= William Aiton (sheriff) =

Scottish law agent, agriculturalist and sheriff-substitute

William Aiton (9 January 1760 – 8 July 1847) was a Scottish law agent, agriculturalist and sheriff-substitute of the county of Lanark. He was an authority on all matters bearing on Scottish husbandry.

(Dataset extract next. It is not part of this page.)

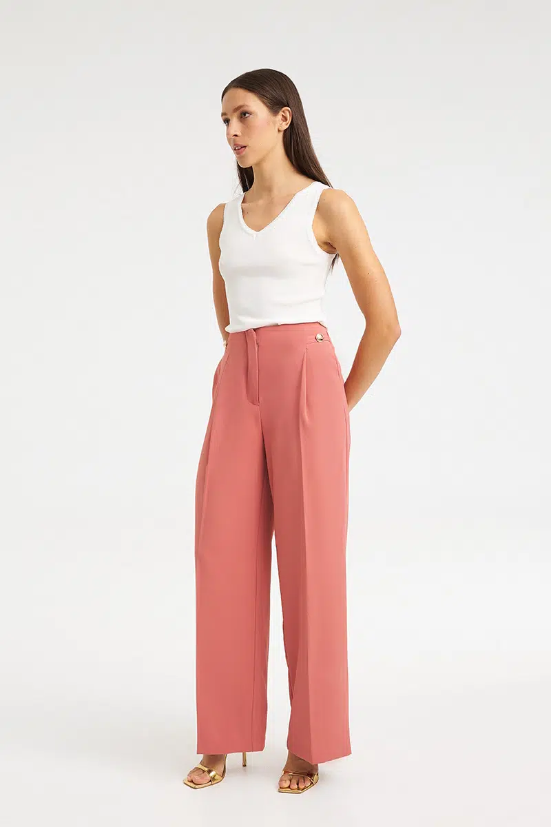 • Κομψή πιέτα μπροστά: Προσθέτει κίνηση στο παντελόνι και ενισχύει τη διαχρονική tailored αισθητική του σχεδίου.

He was born at Silverwood, Kilmarnock, in 1760, a neighbourhood which he left in 1785 to go to Strathaven, Lanarkshire, where he practised for many years as a law agent. He next went to Hamilton, where he held office as one of the sheriff-substitutes of the county from 1816 up to 1822. He died in 1847. At no period did his income exceed a hundred a year, and yet out of this, with a family of twelve children, he educated four sons for liberal professions, often sending them his last guinea when they were students at college.

==Works==
Aiton's works are:

- A Treatise on Moss-earth, Ayr, 1811.
- General View of the Agriculture of the County of Ayr, Glasgow, 1811.
- General View of the Agriculture of the County of Bute, Glasgow, 1816.
- A History of the Rencounter at Drumclog and Battle at Bothwell Bridge, Hamilton, 1821.
- An Inquiry into the Pedigree of the Hamilton Family, Glasgow, 1827.
- Inquiry into the House of Aiton in Scotland, Hamilton, 1830.